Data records

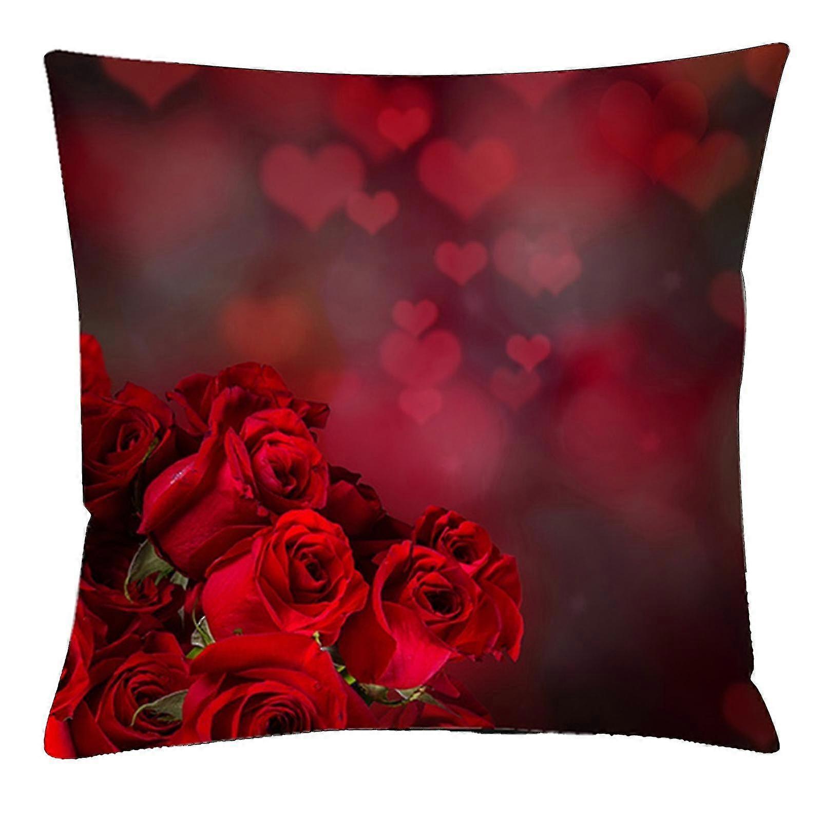 Cushion Cover Single-sided Printing Decoration Peach Skin Printed Red Rose Decorative Throw Pillowcase For Sofa
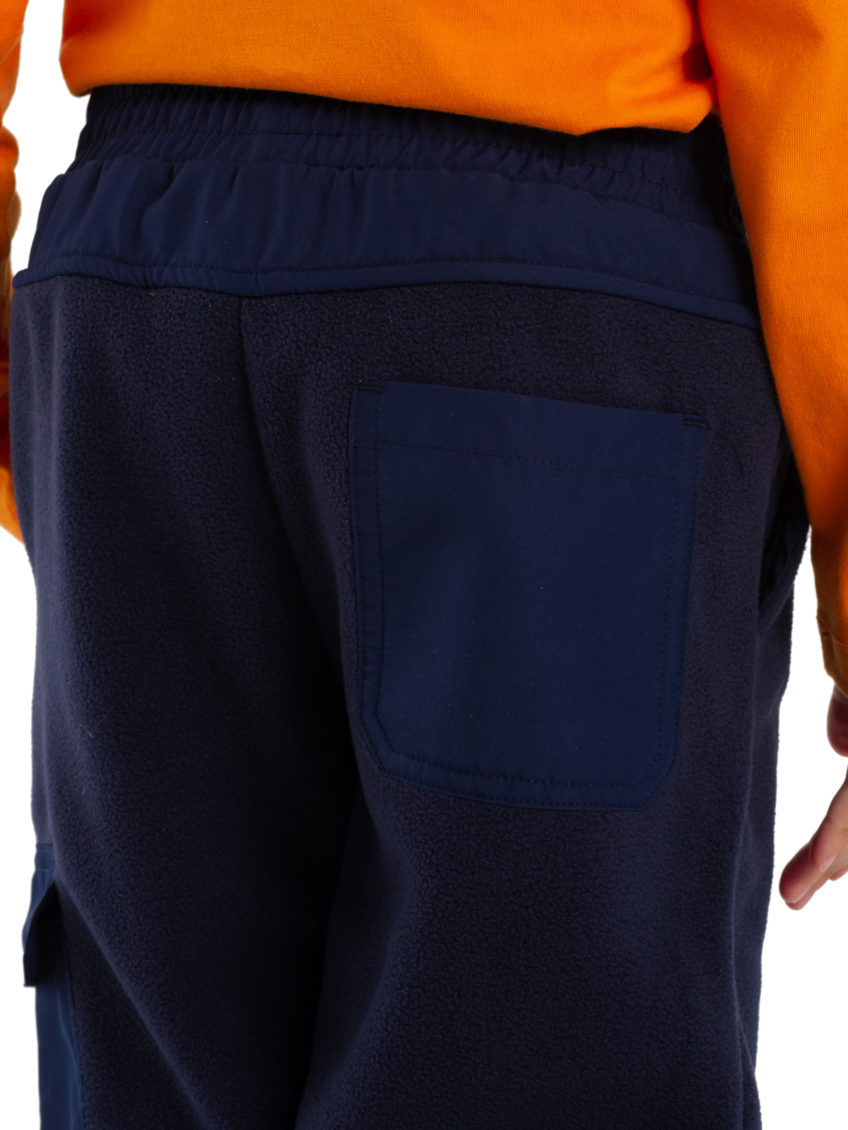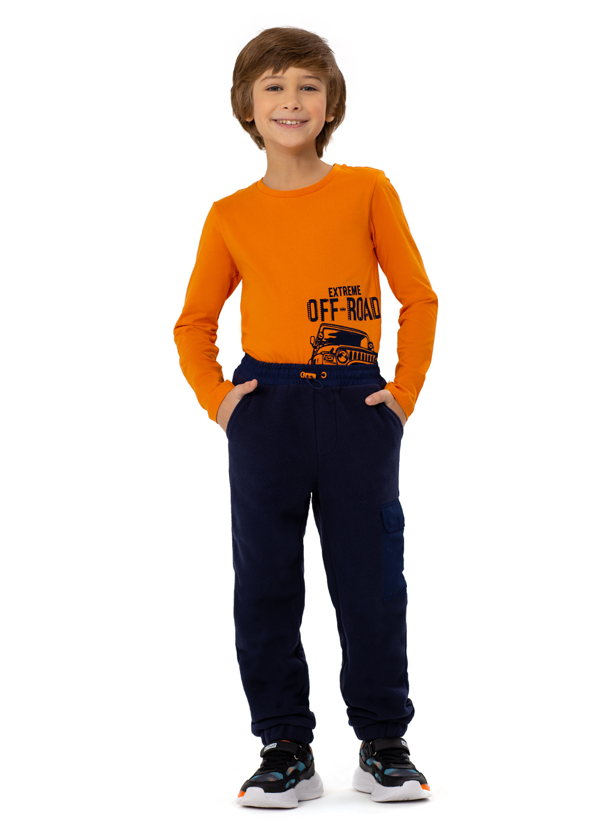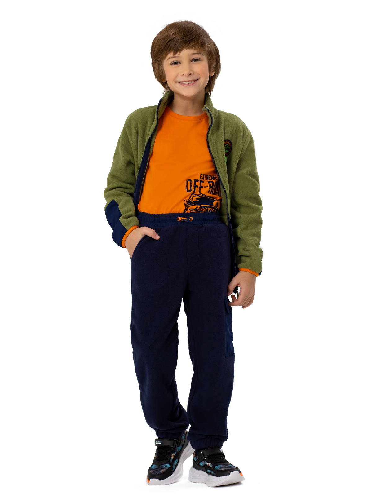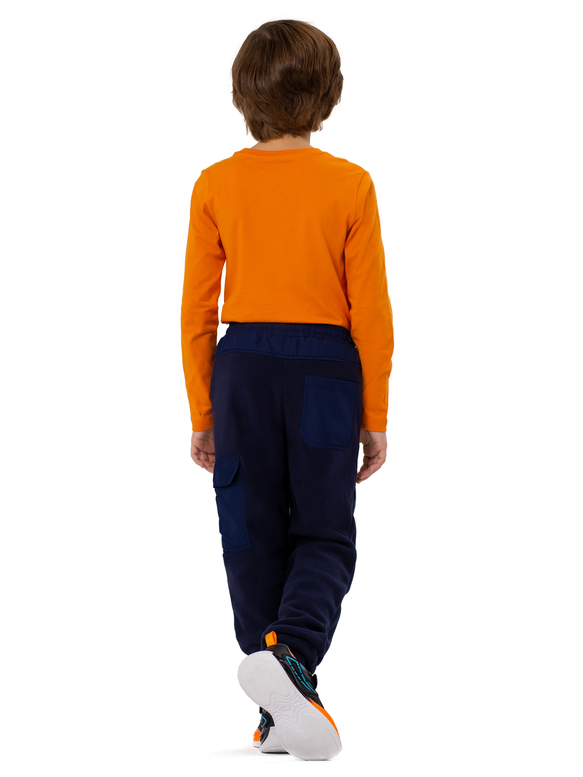 Тёплые флисовые брюки тёмно-синего цвета станут незаменимой вещью в гардеробе мальчика. Модель выполнена из качественного 100% полиэстера, который отлично сохраняет тепло и обеспечивает комфорт при носке. Практичная конструкция включает пояс на широкой резинке с кулиской для идеальной посадки, а эластичные манжеты по низу брючин надёжно защищают от попадания холодного воздуха. Контрастная фурнитура добавляет стильный акцент и делает модель более выразительной. Функциональность модели подчёркивают два удобных боковых кармана, один накладной карман сзади и дополнительный боковой карман на брючине с клапаном, где можно хранить необходимые мелочи. Брюки подходят как для повседневной носки, так и для активного отдыха.
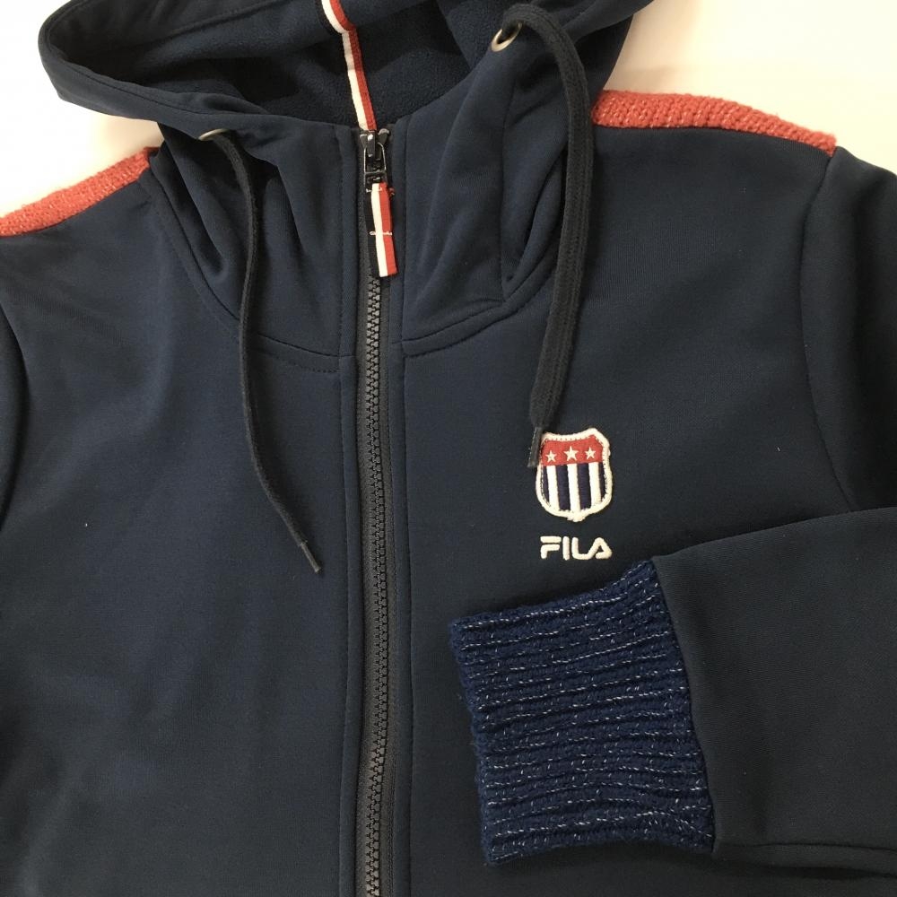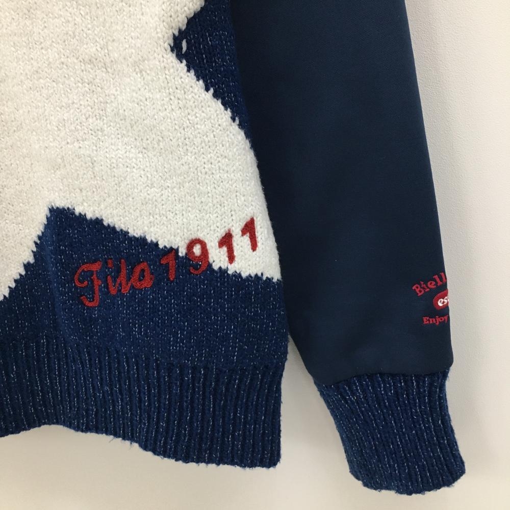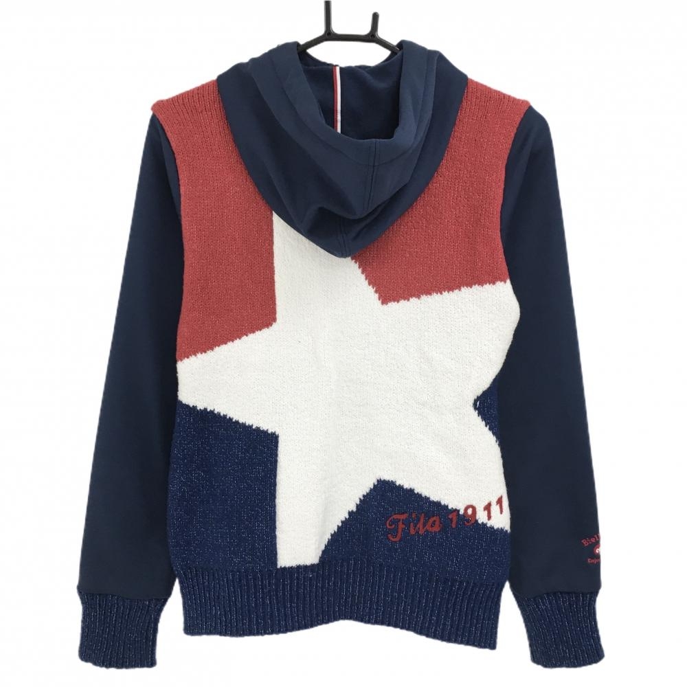 【美品】フィラゴルフ 切替ニットブルゾン ネイビー×レッド 星 スター パーカー レディース M ゴルフウェア FILA GOLF
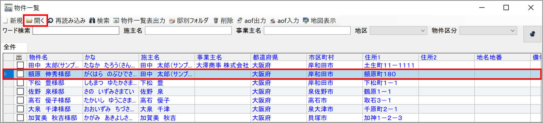 17)『物件一覧』画面が表示されるので、11)で選択した物件を選択して、ツールバーの「開く」ボタンをクリックします。
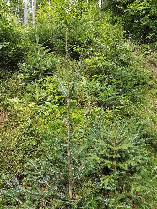 Abb. 6 - Leichter Verbiss ist kein entscheidender Einflussfaktor, falls die leicht verbissene Art (im Bild die Weisstanne) trotz mehrmaligem Verbiss mindestens gleich gut oder gar besser wächst als eine am gleichen Ort vorkommende unverbissene Art (im Bild die Fichte). Foto: Andrea D. Kupferschmid (WSL)

INSTRUCTIONS FOR THE TASK
Write back the stretch of lines above that begins with the line holding "ゴルフウェア FILA GOLF" and ends with the line holding "17)『物件一覧』画面が表示", both included, exactly as written. Pictures stay out.

PROBLEM SOLUTION
 【美品】フィラゴルフ 切替ニットブルゾン ネイビー×レッド 星 スター パーカー レディース M ゴルフウェア FILA GOLF
 17)『物件一覧』画面が表示されるので、11)で選択した物件を選択して、ツールバーの「開く」ボタンをクリックします。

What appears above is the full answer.